The fourth warning was about documentation. The paper argued that the training datasets being assembled were too large for anyone to actually audit. Nobody at Google, OpenAI, Meta, or any other lab could tell you with confidence what was in the data their models were trained on. This was not a temporary problem to be solved later. It was a permanent feature of the approach.
In 2023, researchers discovered that the LAION-5B dataset, used to train Stable Diffusion and other major image models, contained thousands of images of child sexual abuse material. The companies that had trained on the dataset had no way of knowing. The paper predicted that category of failure 3 years before it was found.
The fifth warning was the one Google cared about most.
Bender and Gebru argued that the deployment of these systems would centralize linguistic and cultural power in the hands of the small number of companies that could afford to train them. The internet would become a place where the dominant voice was a statistical average of dominant voices, presented as a neutral assistant. Languages underrepresented in the training data would degrade over time as more web content was generated by these systems and fed back into the next training run.

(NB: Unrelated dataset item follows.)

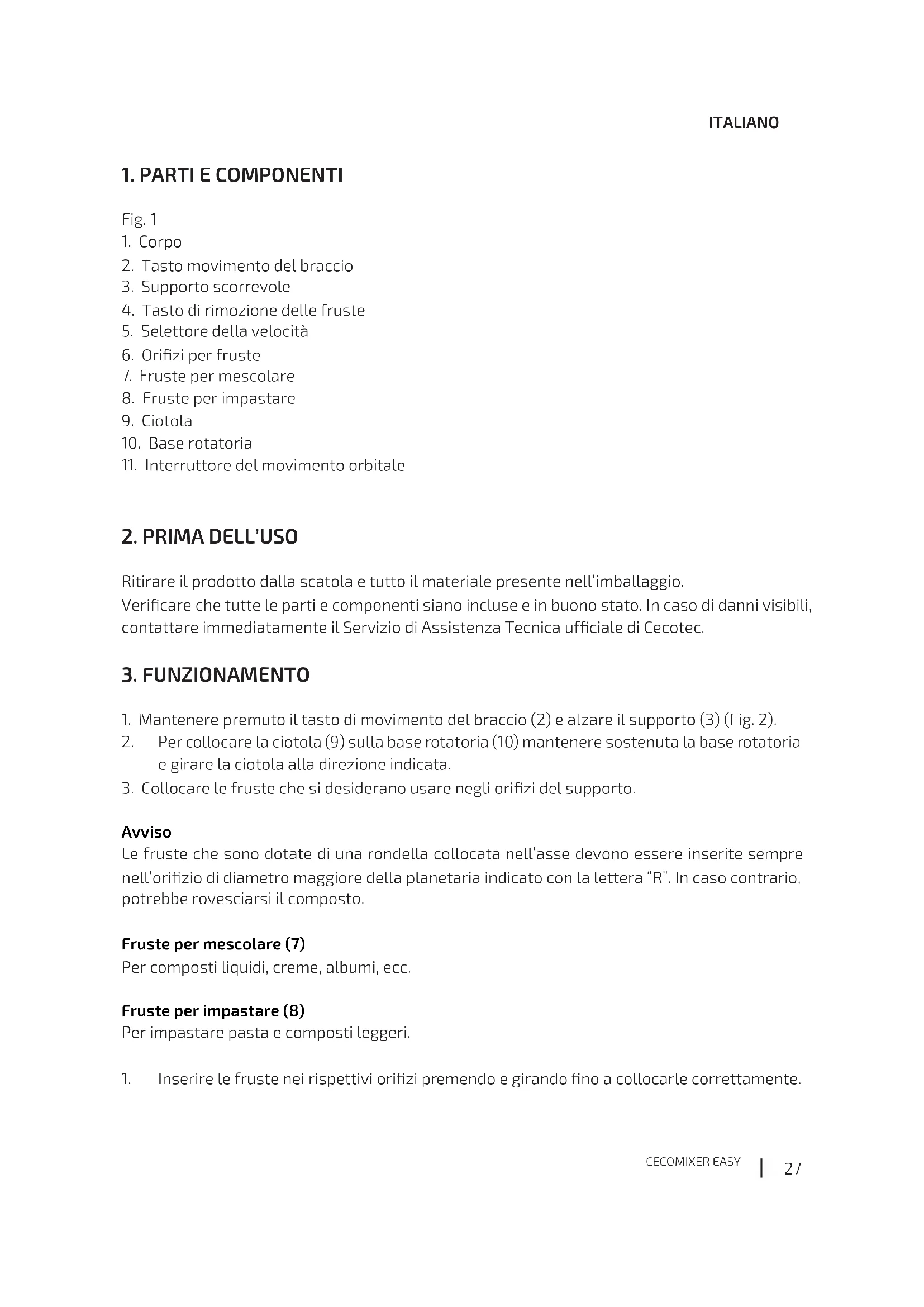 1. Inserire le fruste nei rispettivi orizi premendo e girando no a collocarle correttamente.CECOMIXER EASY

This is now happening in real time. A 2024 study found that 57% of new web content in English is AI-generated or AI-assisted. Researchers studying low-resource languages have documented active degradation in translation quality, because the synthetic content fed back into training is itself worse in those languages.

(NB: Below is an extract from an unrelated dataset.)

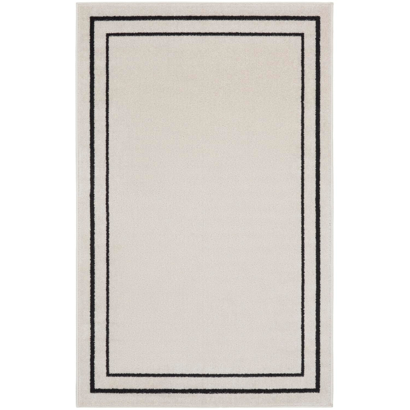 Nourison Essentials Indoor/Outdoor Ivory/Black 2' X 4' Area -Rug, Easy -Cleaning, Non Shedding, Bed Room, Living Room, Dining Ro

The paper Google fired her for predicted the model collapse problem before model collapse had a name.
The mechanism behind why this all happened is the part of her work that nobody quotes.

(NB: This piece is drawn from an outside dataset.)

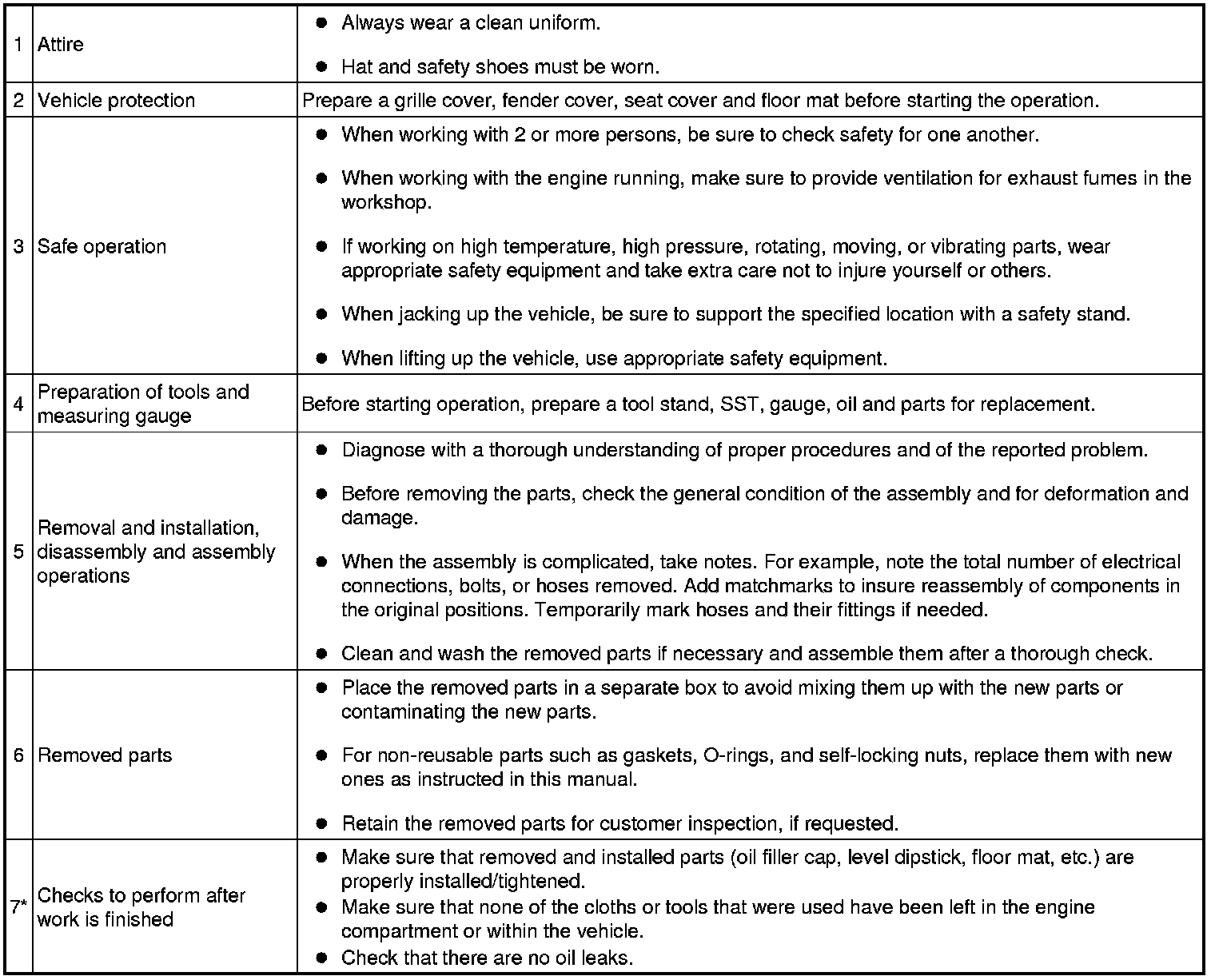 (2) Be sure to follow the instructions for work preparation and final confirmation of proper operation of the VSC system.

Gebru's argument was not that AI is dangerous in some abstract sci-fi sense. Her argument was that AI is dangerous in a very specific structural sense. The technology was being built by a small group of researchers who shared similar backgrounds, worked at similar companies, and were rewarded for shipping products faster than competitors. The incentive structure made it impossible for safety, ethics, and bias concerns to slow anything down. Anyone inside the system who raised those concerns was either ignored, sidelined, or removed.
She was making that argument from inside Google.
Then Google proved her right by removing her.
The team Google had built to make sure their AI was safe was dismantled in 90 days because they did the job they had been hired to do. Margaret Mitchell, the other co-lead of the Ethical AI team, was fired two months after Gebru for searching through her own emails for evidence of how Gebru had been treated.
Gebru did not stop. She founded DAIR, the Distributed AI Research Institute, in 2021. The mission is to do AI research outside the control of the companies that have a financial interest in not hearing the answers.
Every prediction in the Stochastic Parrots paper has now been validated by deployment. Hallucinations are an industry-wide problem the largest labs cannot solve. Bias amplification has been documented in hiring, healthcare, lending, and criminal justice. Environmental costs are larger than entire small countries. Training data audits remain impossible. Model collapse is an active research crisis at every major lab.
The question worth sitting with is the one almost no one in the industry will say out loud.
Every researcher with the technical credibility to call out these problems watched what happened to her in December 2020 and made a calculation about their own career. The number of people willing to speak publicly about safety and ethics issues inside the major AI labs collapsed after that firing and has not recovered.
The researcher Google fired for warning about exactly what is now happening was right.
The company that fired her is now the second-largest deployer of the technology she warned about.
And the people inside that company who agree with her are not allowed to say so.